CHARACTERIZATION OF ANISOTROPIC AQUIFER BEHAVIOR IN THE PEN ARGYL MEMBER OF THE MARTINSBURG FORMATION, PENNSYLVANIA

Horizontal anisotropy in aquifer properties is common in deformed terrains. When structural fabrics and resulting secondary porosity are controlled by regional tectonics, principle transmissivity tensor (T_α) orientation (θ) may be similar over a wide area. Lithologic variability within a terrain may affect fracture characteristics and thus the magnitude of T_α may vary. Recognition of domains with similar orientation and magnitude of transmissivity tensors is important for effective groundwater management.

The Pen Argyl Member of the Martinsburg Formation is a thick sequence of claystone slate with subordinate intercalated quartzose slate and subgraywacke. Time-drawdown data from four aquifer tests in the Pen Argyl Member exhibited anisotropic behavior at a scale of at least 600 m. The horizontal anisotropic properties were determined using analytical models and the results were statistically characterized allowing for uncertainty estimation and testing for differences. The uncertainties quantify deviation of the real aquifer from the idealized model aquifer and arise from aquifer heterogeneity, deviation from radial flow conditions with likely extended well behavior, and the presence of multiple dipping fracture zones as well as measurement error.

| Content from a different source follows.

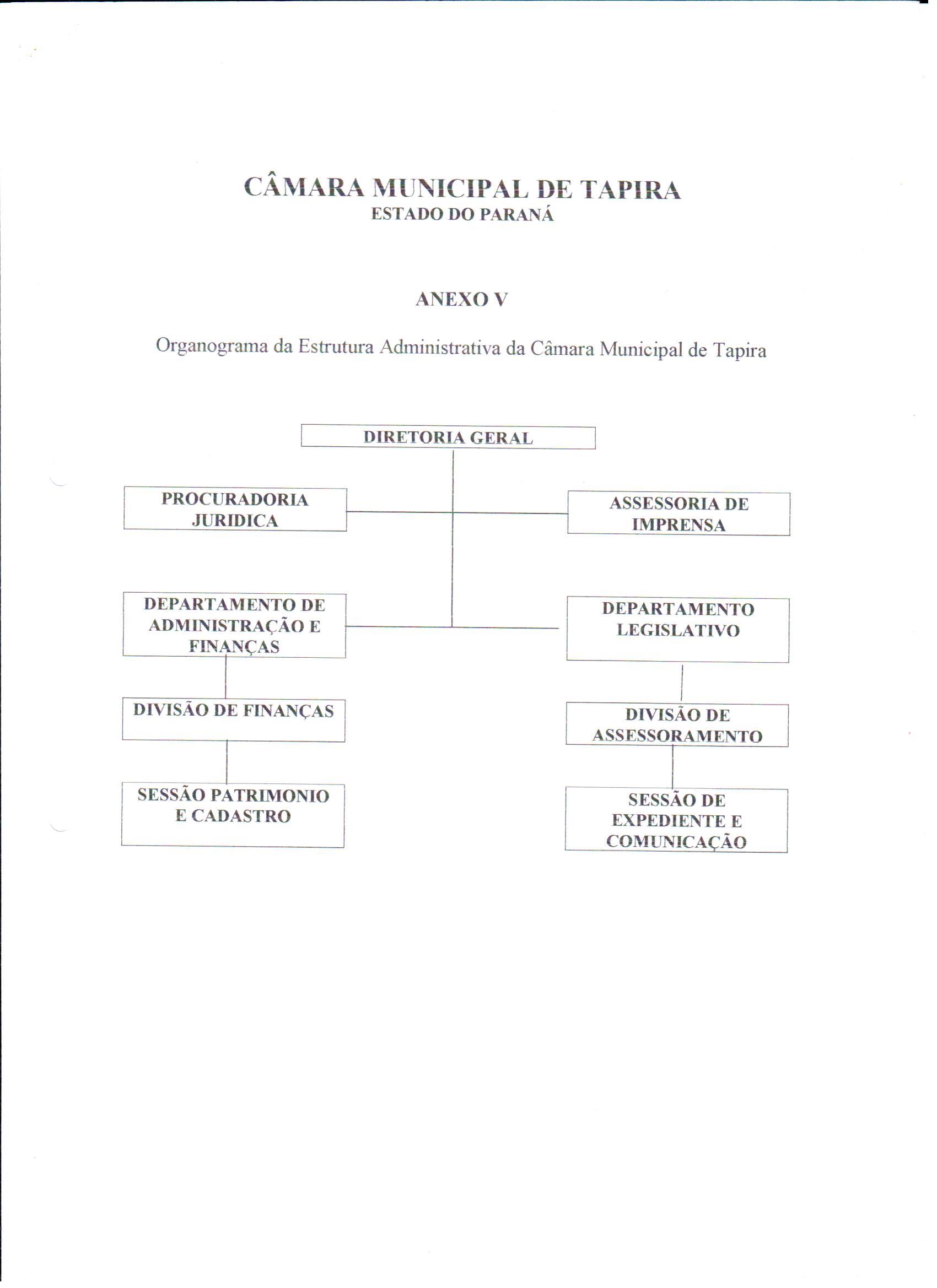 Diretoria Geral, Procuradoria Juridica, Assessoria de Imprensa, Departamento de Administração e Finanças, Departamento Legislativo, Divisão de Finanças, Divisão de Assessoramento, Sessão Patrimônio e Cadastro, Sessão de Expediente e Comunicação
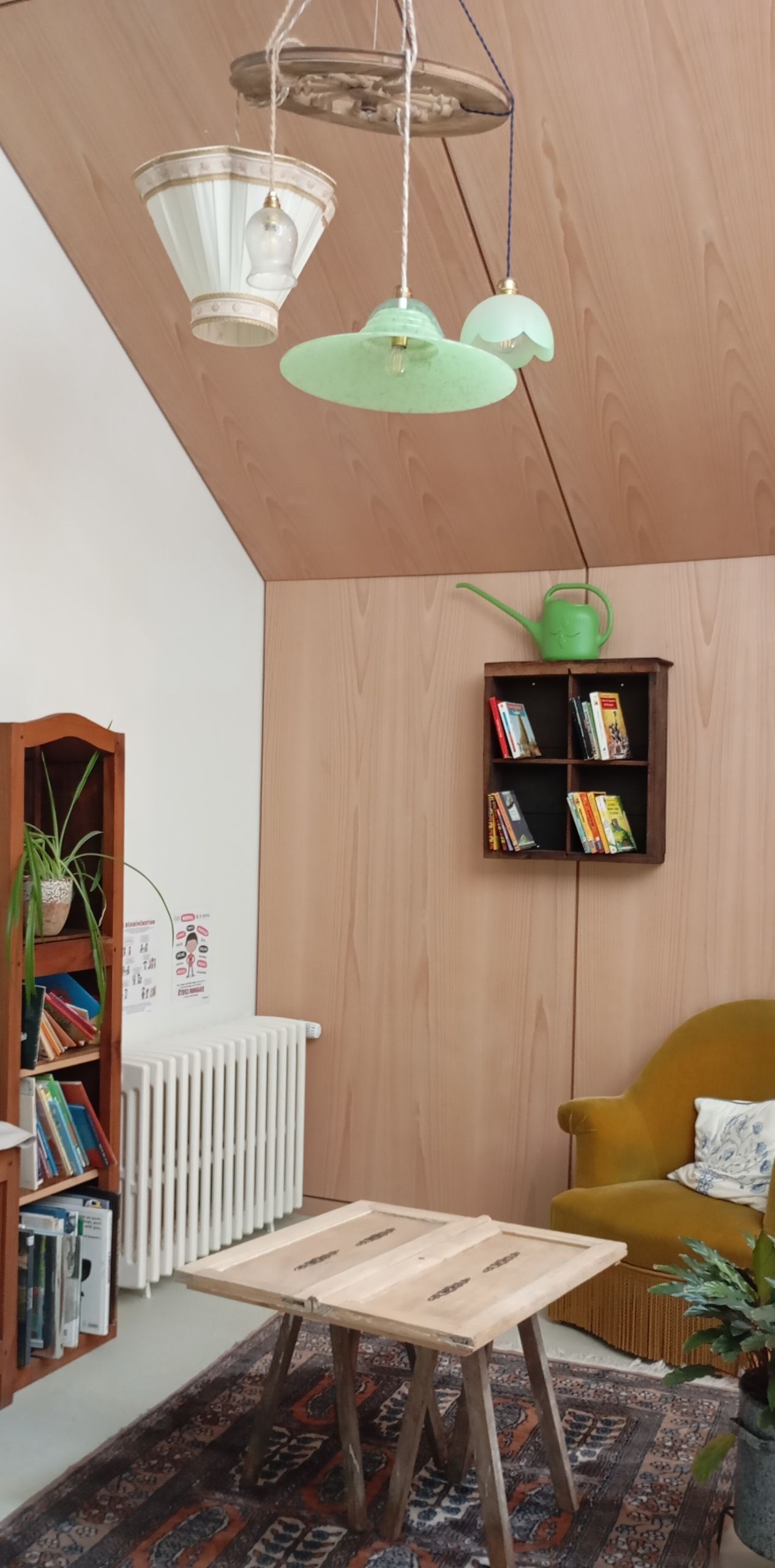Les chambres et pièces de vie ont été meublées avec les circuits courts de réemploi : appel à dons de meubles, recyclage, revalorisation avec une designeuse d’intérieur spécialisée en « upcycling » : réemploi et revalorisation de mobilier : Morgane Fraga.

Principle transmissivity tensor orientation for four pumping tests within the Pen Argyl Member of the Martinsburg Formation were statistically indistinguishable (mean θ_α = 41.5^o±8.8^o(3σ)) and aligned parallel to the strike of bedding, axial planar cleavage, and a joint set. Faults were prominent water-bearing zones in the wells. The fault orientations in the wells are unknown but it is likely that they represent bedding plane faults evident in a nearby quarry and identified as important groundwater flow paths in the member. An example of results from a single test show the aquifer is anisotropic (H₀: T_α=T_β rejected at P<0.005) with θ=47.7^o±19.0^o(3σ), T_α/T_β=7.9±5.5(3σ), T_α=218 ±441(3σ) m²/d, and T_β=27±53(3σ) m²/d. The study is a step toward delineation of hydrostructural/hydrogeologic units in the Martinsburg Formation.